Finally, we come to perhaps the most critical aspect of the system - reliability.

Let’s start by identifying what can go wrong - any service can go down at any time, the system load can grow faster than the system can scale, some services/infrastructures can be temporarily unavailable, and there can be code defects, which leads to incorrect processing of files and these files need to be re-processed.

The most straightforward cases for reliability involve the converter services. The service locks a message in the queue when it starts processing and deletes it when it has finished its work and sent the result. If the service crashes, the message will become available again in the queue after a short timeout and can be processed by another instance of the converter. If the load grows faster than new instances are added or there are problems with the infrastructure, messages accumulate in the queue. They will be processed right after the system stabilizes.

In the case of the Mediator, all the heavy lifting is again done by the Workflow Core library. Because all running workflows and their state are stored in the database, if an abnormal termination of the service occurs, the workflows will continue execution from the last recorded state.

Also, we have configurations to retry failed steps, timeouts, alternative scenarios, and limits on the maximum number of parallel workflows.

What’s more, the entire system is idempotent, allowing every operation to be retried safely without side effects and mitigating the concern of duplicate messages being received. AWS S3 policies allow us to remove any temporary files automatically and avoid garbage accumulation from failed operations.

Another benefit of Kubernetes is setting limits and minimum resource requirements for each service, e.g., how much CPU or RAM resources it can use at max and required minimum to start. You do not have to worry about a noisy neighbor problem when several pods are running on the same cluster node, and a memory leak or infinite loop occurs in one of the instances, etc.

[Click on the image to view full-size]

Thanks to the Mediator approach and durable workflows, we have very good system observability. At any moment, we completely understand the stage at which each file is, how many files there are, and other important metrics.

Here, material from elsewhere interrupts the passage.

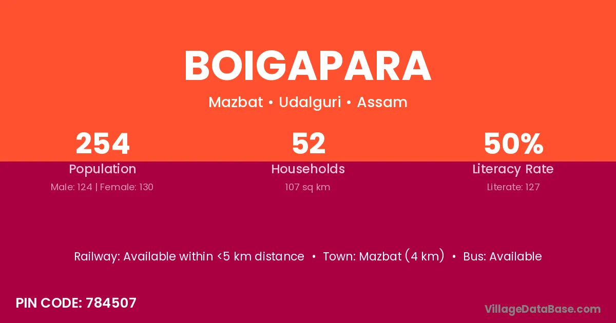 Mazbat (4 km) is the nearest town to Boigapara village for major economic activities and is located approximately 4 km away.

In case of defects, we can review the historical data, restart the file processing for the affected files, or take other actions as necessary.

We built dashboards with all the critical metrics of AWS infrastructure and application metrics.

Overall, the system can restore itself even after a large-scale failure.

Conclusion

The end result is a highly scalable system that is easy to extend, modify, and test, with good observability and cost-effectiveness.

Finally, some interesting statistics. It took us only two months to build the walking skeleton of the system, thanks to the use of off-the-shelf components. The recorded peak throughput was about 5,000 files per hour. This is not a capacity limit - we intentionally limited auto-scaling and now lift it gradually to avoid unexpected infrastructure bills, such as those caused by a defect leading to a runaway process. The largest batch uploaded by users in a day was 250,000 files. In total, we have already processed millions of files since we switched to the new solution.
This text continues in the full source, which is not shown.